(Information)

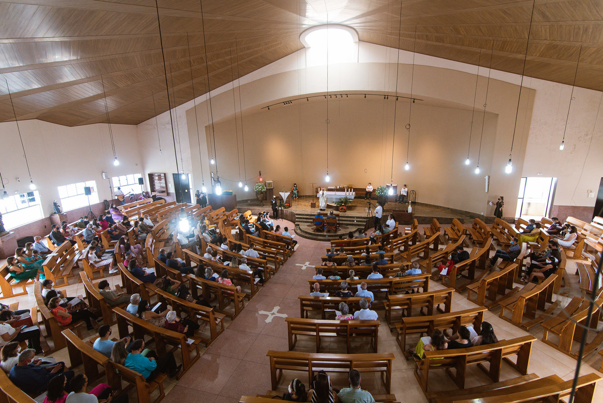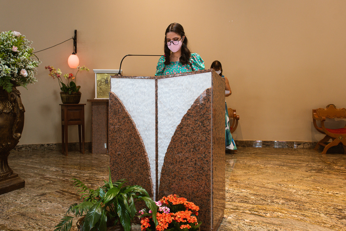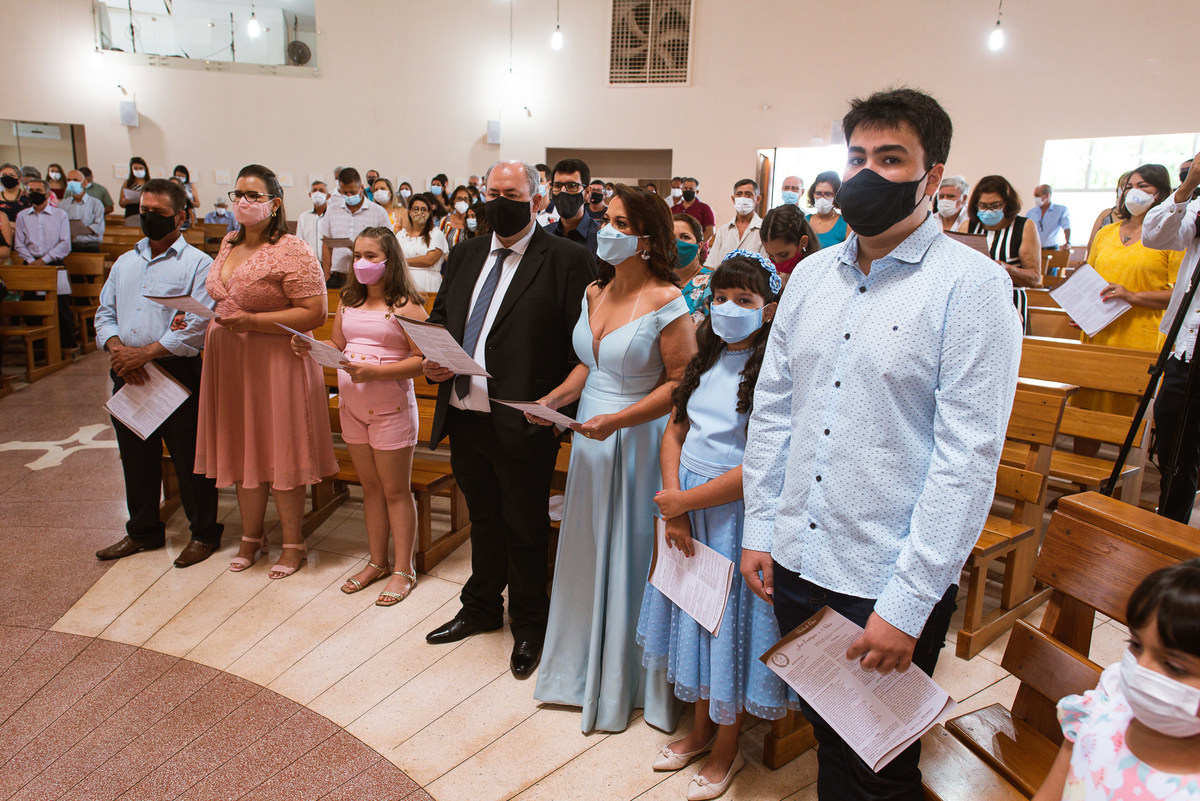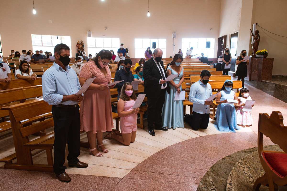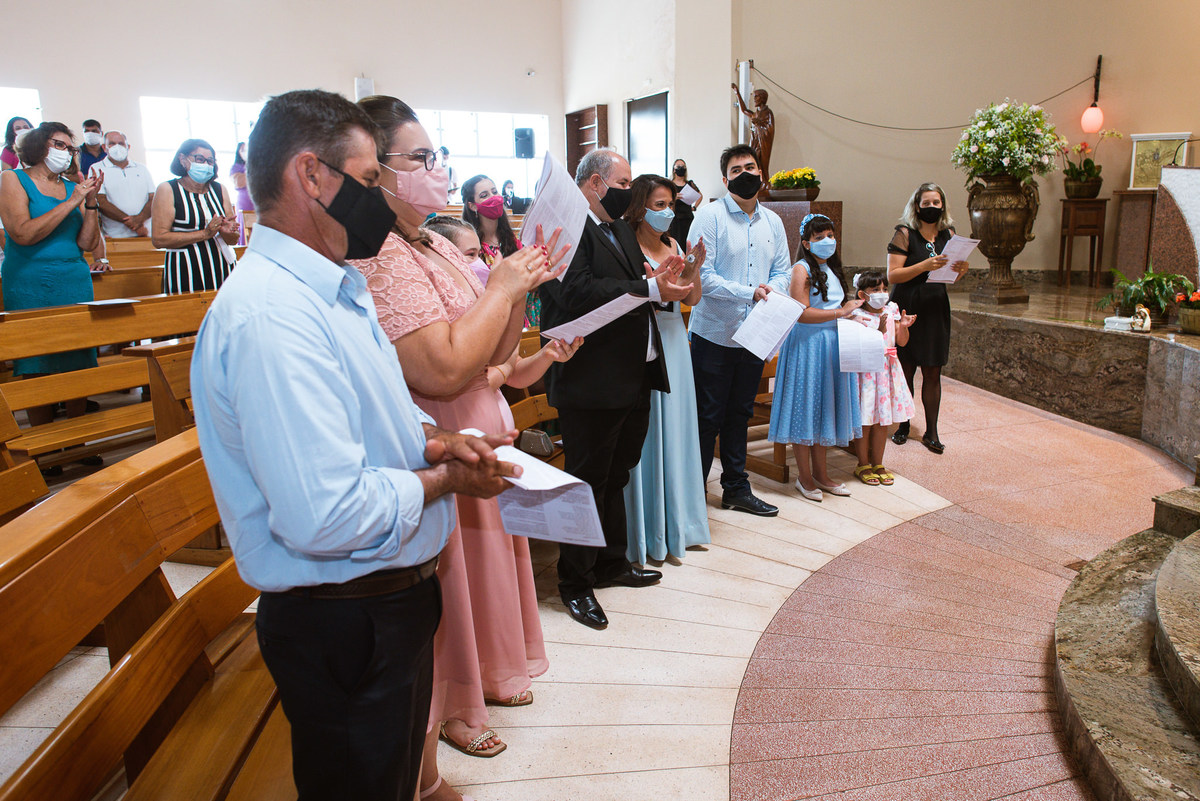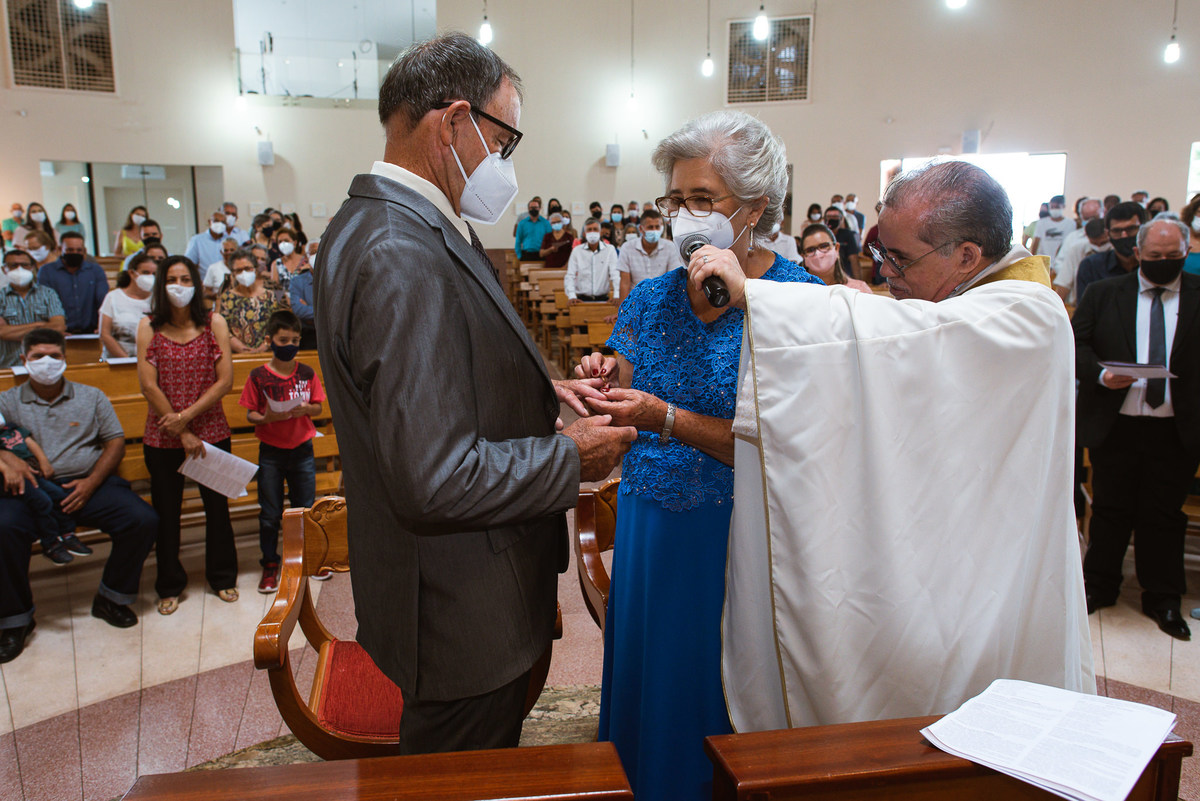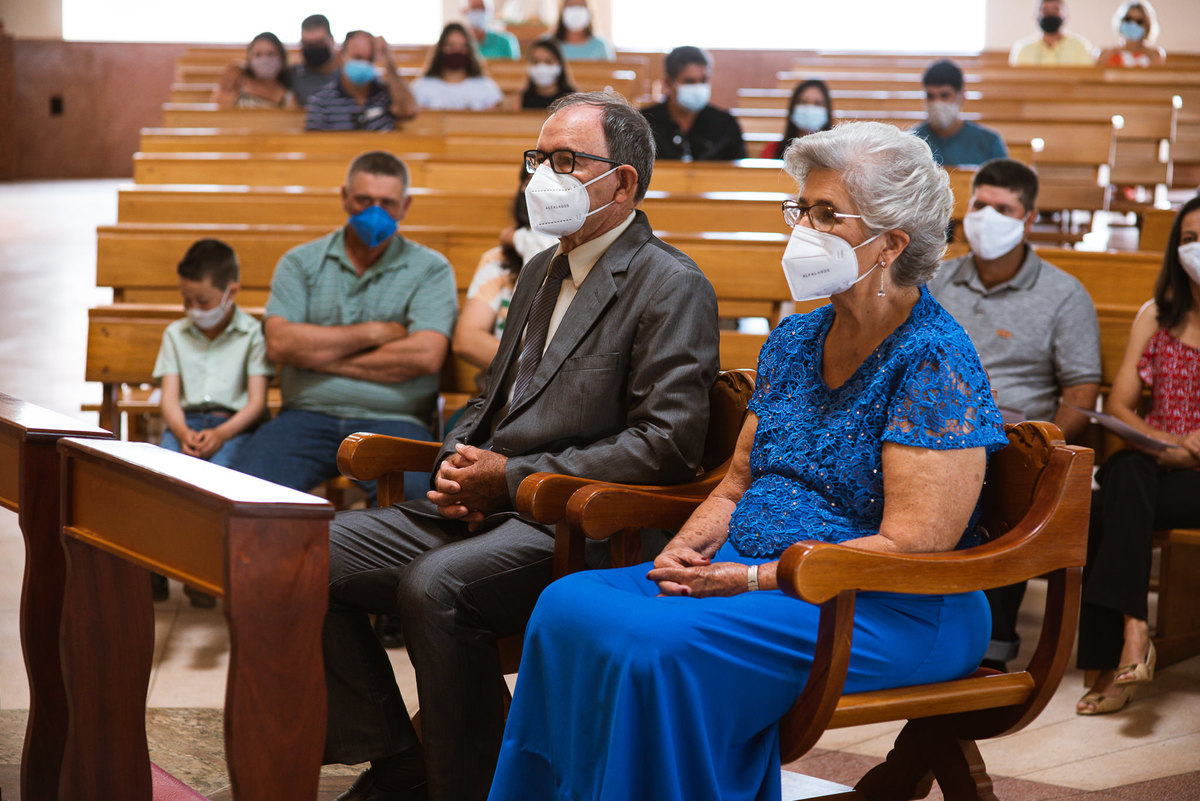 Para iniciar o dia da celebração, eles fizeram questão de celebrar uma missa em ação de graças por este dia tão importante. E pense numa missa linda! Emoção do início ao fim. Todos estavam muito felizes com esta comemoração. O padre recebeu os itens que fariam parte da solenidade e fez questão de erguer a foto do casamento oficial. Todos aplaudiram! Eles participaram da renovação dos votos nupciais e receberam a comunhão. Na saída, ainda deram um beijinho pra foto e foram recebidos aos aplausos pelos convidados.
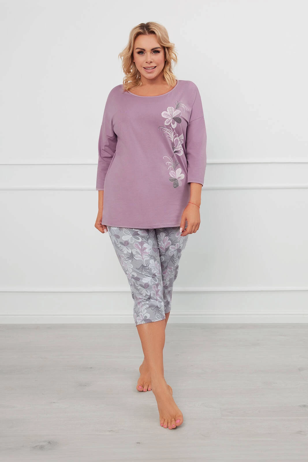 Delikatna i pełna uroku piżama damska to idealny wybór dla kobiet, które cenią subtelną elegancję i komfort. Bluzka z rękawem 3/4 utrzymana w jednolitym kolorze, wyróżnia się okrągłym dekoltem, który dodaje jej klasycznego, kobiecego charakteru. Subtelny print zdobiący bluzkę wprowadza do całości nutę lekkości i świeżości, zachowując przy tym elegancki wygląd. Dolna część piżamy to spodnie 3/4, które zostały udekorowane pięknym roślinnym motywem, dodającym całości naturalnego uroku. Dzięki połączeniu tych detali, piżama staje się pełna wdzięku, idealna do relaksu w domowym zaciszu. Całość została wykonana z miękkiego, bawełnianego dżerseju, co zapewnia wygodę przez całą noc, a jednocześnie sprawia, że piżama jest przyjemna w dotyku i łatwa w pielęgnacji. To doskonały wybór dla kobiet szukających połączenia subtelnej elegancji z komfortem.
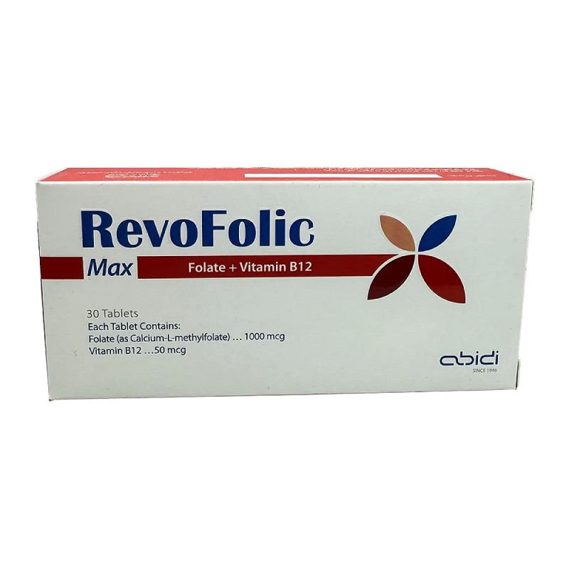 Revofolic Max is a dietary supplement designed to provide high doses of folic acid and vitamin B12. Manufactured by Abidi, this product is ideal for individuals looking to supplement their diet with essential nutrients. Each box contains 30 tablets, each providing 1000 mcg of folate (as Calcium-L-methylfolate) and 50 mcg of vitamin B12 (Cyanocobalamin).
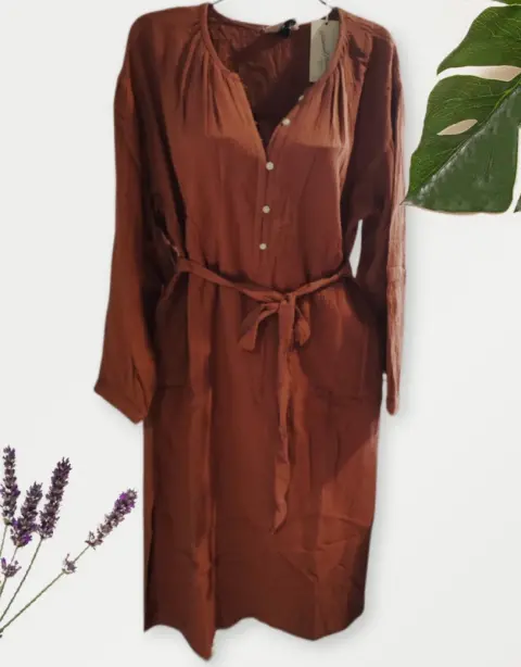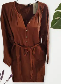 Lindo vestido color marrón 🤎. Es totalmente nuevo, no tiene ningún detalle y cuenta con etiqueta 👍🏼Medidas Aproximadas Talla M Axila-axila 60cm x un lado Largo de manga 54cm De hombre o hasta abajo 118cm
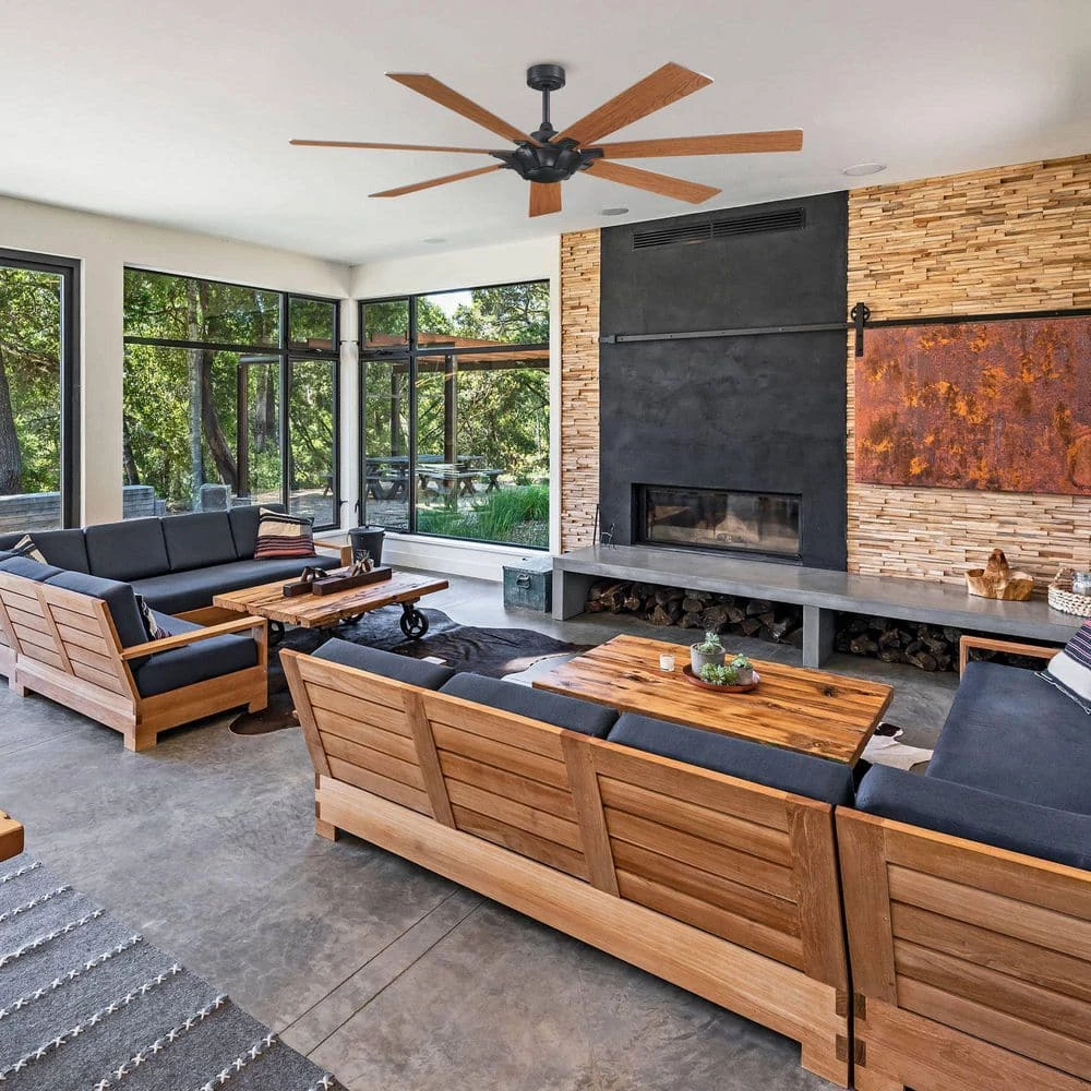 Keep your space cool with this 72 in. industrial ceiling fan, which features a matte black finish motor and seven reversible plywood blades design that will complement most spaces. Hang it in a living area or family room to keep things cool in the summer time and even reverse the motor to keep it warm in the winter. The large ceiling fan is energy-efficient and perfect for both indoor spaces and covered outdoor spaces such as porches or patios.
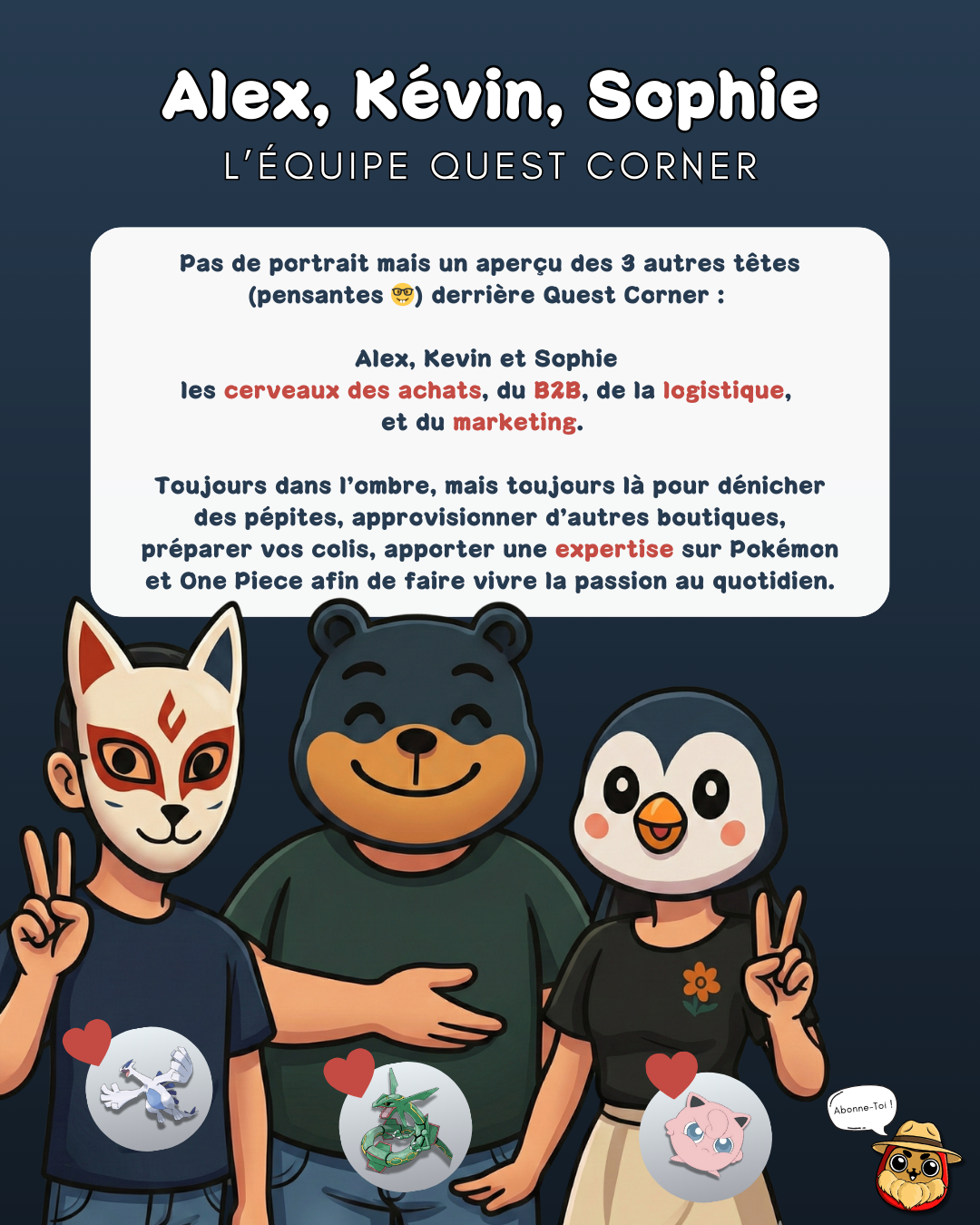 Derrière Quest Corner, il y a cinq passionnés de TCG et de pop culture. Des collectionneurs avant d’être vendeurs, qui ont voulu construire un projet sincère, fiable et durable.

(End Information)

What you should do: Everything between and including the line above containing "Delikatna i pełna" and the line containing "Revofolic Max is" should be reproduced exactly, with pictures excluded.

Exercise output:
 Delikatna i pełna uroku piżama damska to idealny wybór dla kobiet, które cenią subtelną elegancję i komfort. Bluzka z rękawem 3/4 utrzymana w jednolitym kolorze, wyróżnia się okrągłym dekoltem, który dodaje jej klasycznego, kobiecego charakteru. Subtelny print zdobiący bluzkę wprowadza do całości nutę lekkości i świeżości, zachowując przy tym elegancki wygląd. Dolna część piżamy to spodnie 3/4, które zostały udekorowane pięknym roślinnym motywem, dodającym całości naturalnego uroku. Dzięki połączeniu tych detali, piżama staje się pełna wdzięku, idealna do relaksu w domowym zaciszu. Całość została wykonana z miękkiego, bawełnianego dżerseju, co zapewnia wygodę przez całą noc, a jednocześnie sprawia, że piżama jest przyjemna w dotyku i łatwa w pielęgnacji. To doskonały wybór dla kobiet szukających połączenia subtelnej elegancji z komfortem.
 Revofolic Max is a dietary supplement designed to provide high doses of folic acid and vitamin B12. Manufactured by Abidi, this product is ideal for individuals looking to supplement their diet with essential nutrients. Each box contains 30 tablets, each providing 1000 mcg of folate (as Calcium-L-methylfolate) and 50 mcg of vitamin B12 (Cyanocobalamin).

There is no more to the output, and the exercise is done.